═══ Dataset records
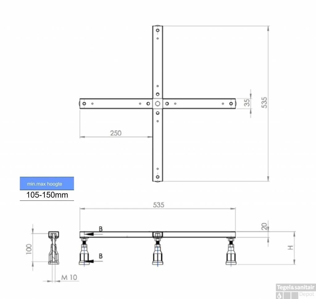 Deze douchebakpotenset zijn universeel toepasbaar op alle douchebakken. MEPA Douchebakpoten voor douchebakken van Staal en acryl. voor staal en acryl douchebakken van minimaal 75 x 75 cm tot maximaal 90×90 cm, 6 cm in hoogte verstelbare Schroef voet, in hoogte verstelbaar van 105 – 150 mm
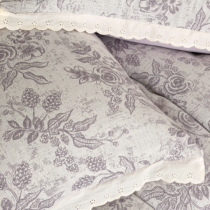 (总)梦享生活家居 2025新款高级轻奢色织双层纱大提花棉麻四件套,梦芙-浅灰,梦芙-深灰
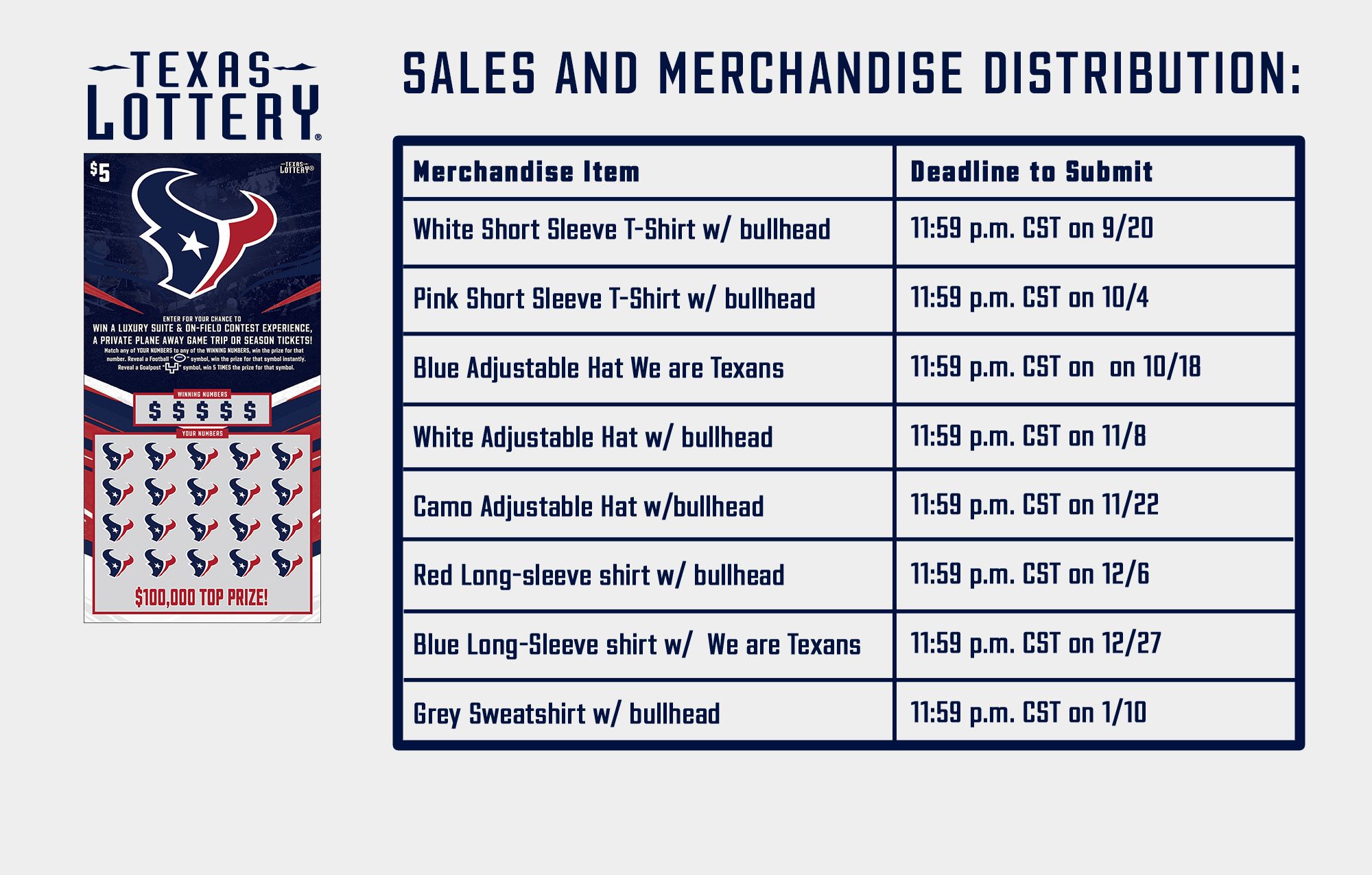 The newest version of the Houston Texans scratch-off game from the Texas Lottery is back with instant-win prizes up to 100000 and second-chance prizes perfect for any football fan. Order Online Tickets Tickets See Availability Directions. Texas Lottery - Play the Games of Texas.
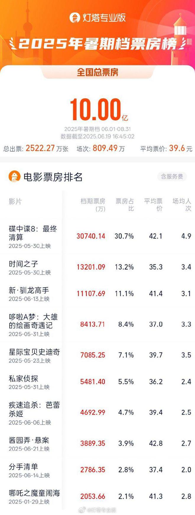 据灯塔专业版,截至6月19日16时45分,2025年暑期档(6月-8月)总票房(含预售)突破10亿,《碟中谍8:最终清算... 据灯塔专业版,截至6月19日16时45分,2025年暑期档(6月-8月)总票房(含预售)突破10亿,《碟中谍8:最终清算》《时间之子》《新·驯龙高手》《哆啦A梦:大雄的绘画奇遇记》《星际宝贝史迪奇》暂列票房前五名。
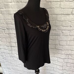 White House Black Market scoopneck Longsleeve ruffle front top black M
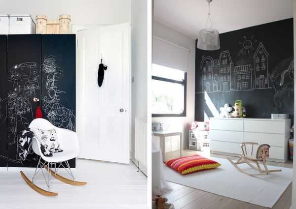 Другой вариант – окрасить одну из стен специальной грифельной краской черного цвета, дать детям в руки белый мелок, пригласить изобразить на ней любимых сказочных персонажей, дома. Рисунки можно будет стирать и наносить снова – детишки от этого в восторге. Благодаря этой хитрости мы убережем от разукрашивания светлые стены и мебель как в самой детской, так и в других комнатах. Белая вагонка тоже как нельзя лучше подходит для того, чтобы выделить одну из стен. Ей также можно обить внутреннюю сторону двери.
══════
═══ Dataset records
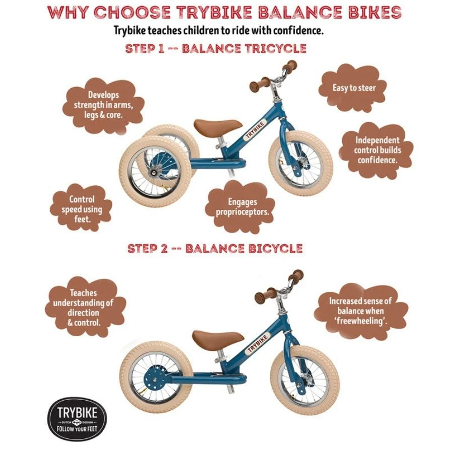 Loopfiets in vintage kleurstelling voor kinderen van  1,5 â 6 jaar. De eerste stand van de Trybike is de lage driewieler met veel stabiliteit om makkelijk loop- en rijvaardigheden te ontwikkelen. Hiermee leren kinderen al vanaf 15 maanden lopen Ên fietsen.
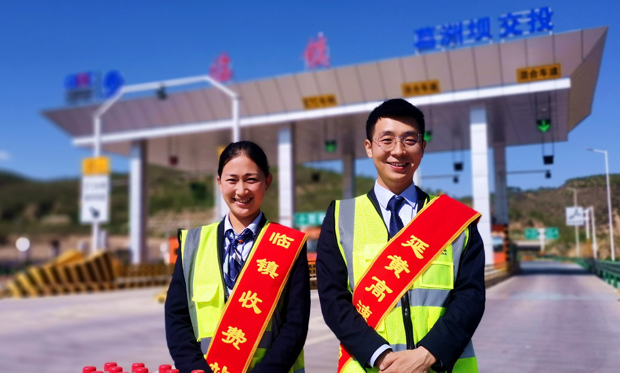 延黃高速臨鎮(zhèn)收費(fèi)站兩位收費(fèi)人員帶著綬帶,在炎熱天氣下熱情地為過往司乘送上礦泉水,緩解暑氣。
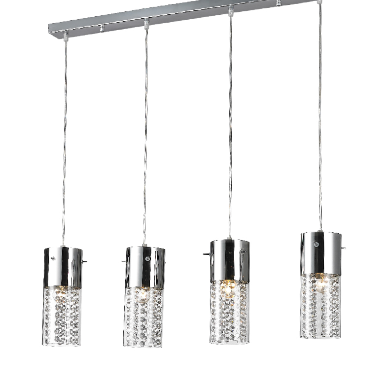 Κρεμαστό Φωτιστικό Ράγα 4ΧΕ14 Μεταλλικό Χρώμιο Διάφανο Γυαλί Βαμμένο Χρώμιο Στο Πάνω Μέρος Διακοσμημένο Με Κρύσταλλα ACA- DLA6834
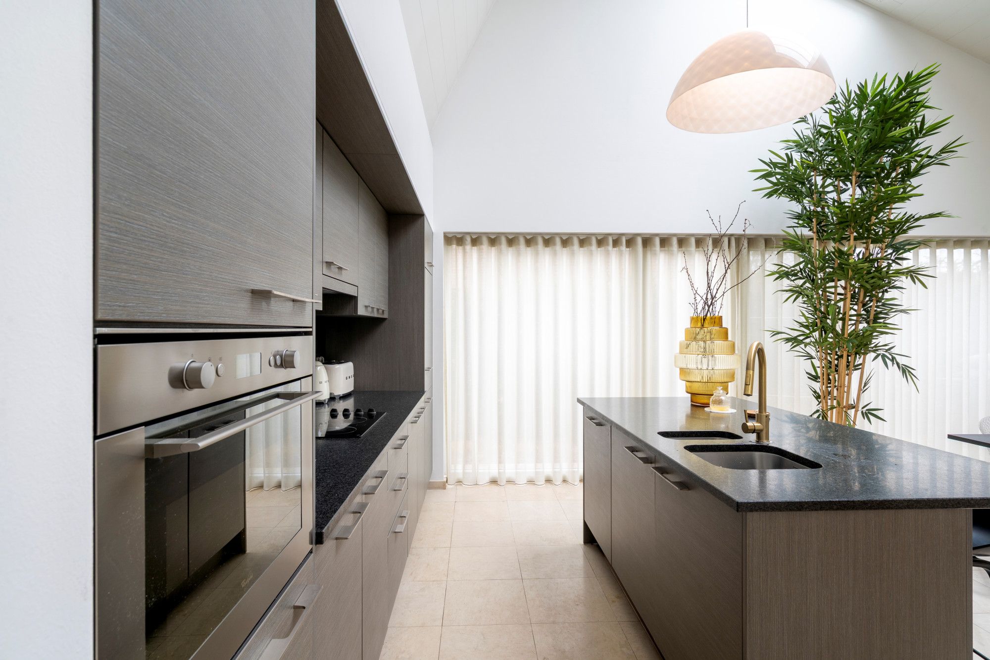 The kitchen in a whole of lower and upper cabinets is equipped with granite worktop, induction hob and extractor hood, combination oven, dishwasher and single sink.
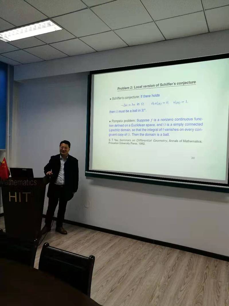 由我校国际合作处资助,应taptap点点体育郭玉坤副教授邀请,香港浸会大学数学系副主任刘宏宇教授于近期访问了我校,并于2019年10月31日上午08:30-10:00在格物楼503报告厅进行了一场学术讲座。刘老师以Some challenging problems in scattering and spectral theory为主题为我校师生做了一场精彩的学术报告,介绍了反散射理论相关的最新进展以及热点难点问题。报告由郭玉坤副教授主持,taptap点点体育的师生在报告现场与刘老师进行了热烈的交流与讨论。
══════
═══ Dataset records
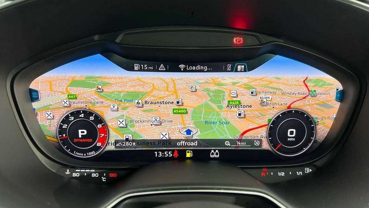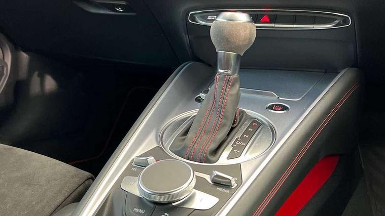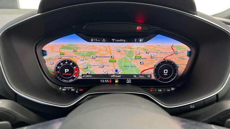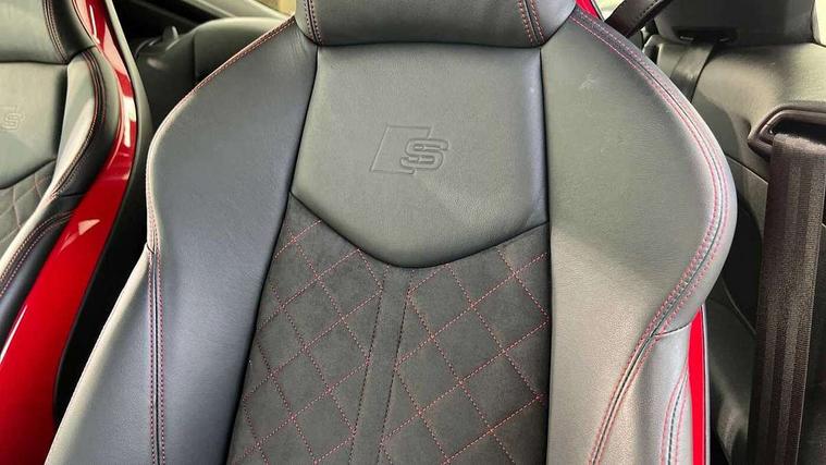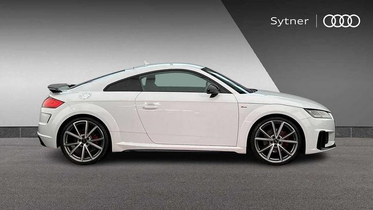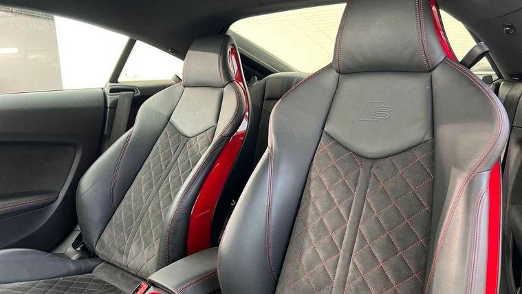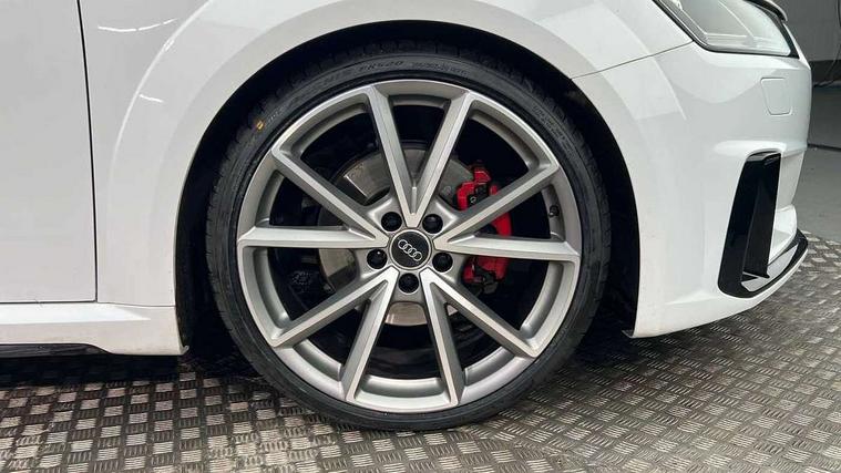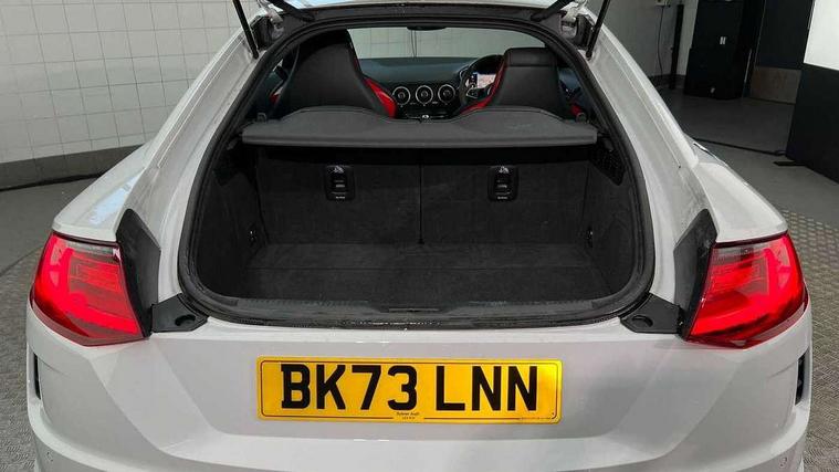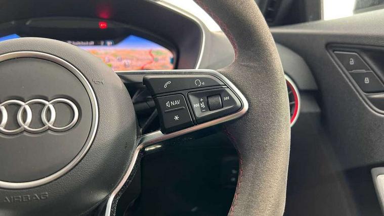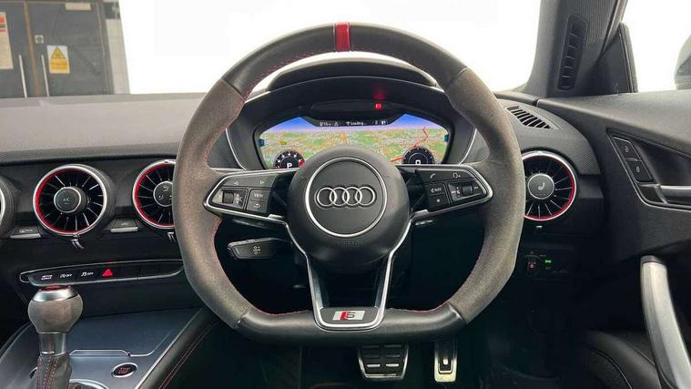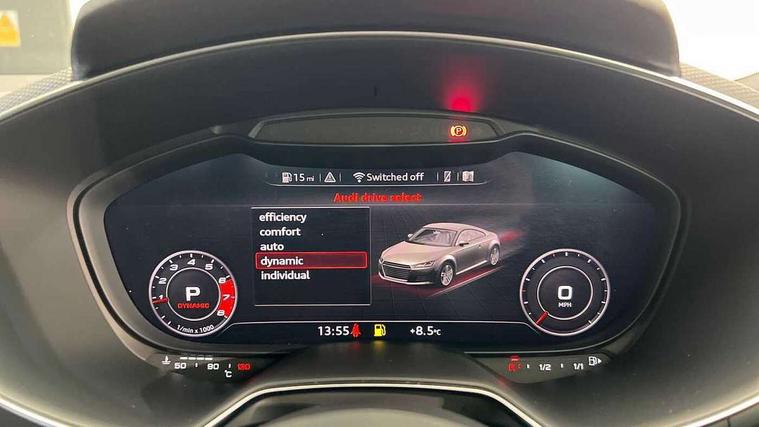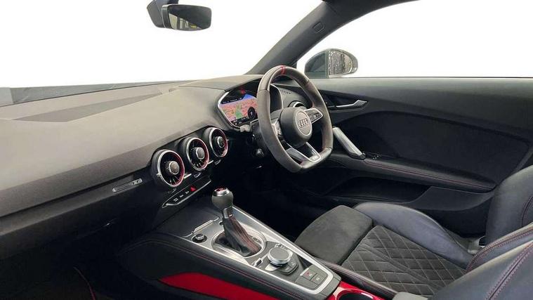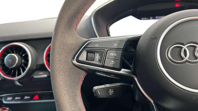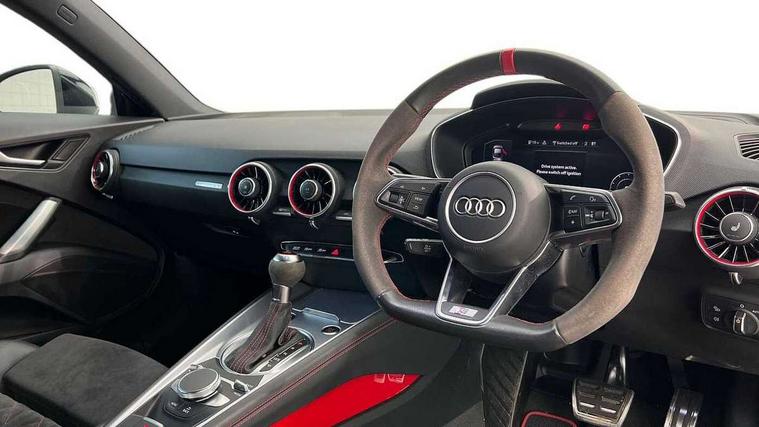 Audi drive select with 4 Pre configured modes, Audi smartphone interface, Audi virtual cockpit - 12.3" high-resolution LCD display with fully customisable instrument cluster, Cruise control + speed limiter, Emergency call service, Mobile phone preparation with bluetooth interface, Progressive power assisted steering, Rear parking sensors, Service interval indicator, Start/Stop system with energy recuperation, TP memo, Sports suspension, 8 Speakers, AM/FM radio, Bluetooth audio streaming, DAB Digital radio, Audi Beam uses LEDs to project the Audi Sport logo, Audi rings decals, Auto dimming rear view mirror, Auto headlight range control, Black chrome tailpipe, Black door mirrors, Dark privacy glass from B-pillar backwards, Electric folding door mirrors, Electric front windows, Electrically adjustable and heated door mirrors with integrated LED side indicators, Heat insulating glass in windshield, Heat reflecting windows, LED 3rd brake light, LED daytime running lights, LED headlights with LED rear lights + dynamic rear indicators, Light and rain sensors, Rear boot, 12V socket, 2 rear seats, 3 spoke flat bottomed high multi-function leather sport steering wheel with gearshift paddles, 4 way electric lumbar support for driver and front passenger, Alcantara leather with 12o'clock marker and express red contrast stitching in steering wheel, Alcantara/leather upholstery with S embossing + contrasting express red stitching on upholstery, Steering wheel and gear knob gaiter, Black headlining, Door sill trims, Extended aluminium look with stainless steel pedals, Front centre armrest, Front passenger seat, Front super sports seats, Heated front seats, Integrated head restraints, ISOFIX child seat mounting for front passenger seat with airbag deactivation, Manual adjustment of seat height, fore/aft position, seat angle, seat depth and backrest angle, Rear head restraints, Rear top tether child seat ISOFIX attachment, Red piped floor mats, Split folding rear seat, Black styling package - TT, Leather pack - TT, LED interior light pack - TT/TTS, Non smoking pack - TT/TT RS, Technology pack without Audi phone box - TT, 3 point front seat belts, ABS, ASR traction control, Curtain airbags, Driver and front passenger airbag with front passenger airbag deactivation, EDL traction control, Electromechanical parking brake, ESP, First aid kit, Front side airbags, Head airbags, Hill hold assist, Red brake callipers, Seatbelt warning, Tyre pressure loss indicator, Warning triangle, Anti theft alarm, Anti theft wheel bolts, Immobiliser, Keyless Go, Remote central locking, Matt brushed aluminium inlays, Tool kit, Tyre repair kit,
══════
* **What you will do**:
Here the job is to copy the listing above word for word, starting at the line with "Deze douchebakpotenset zijn" and ending at the line with "(总)梦享生活家居 2025", and to leave out the pictures.

* **Written response**:
 Deze douchebakpotenset zijn universeel toepasbaar op alle douchebakken. MEPA Douchebakpoten voor douchebakken van Staal en acryl. voor staal en acryl douchebakken van minimaal 75 x 75 cm tot maximaal 90×90 cm, 6 cm in hoogte verstelbare Schroef voet, in hoogte verstelbaar van 105 – 150 mm
 (总)梦享生活家居 2025新款高级轻奢色织双层纱大提花棉麻四件套,梦芙-浅灰,梦芙-深灰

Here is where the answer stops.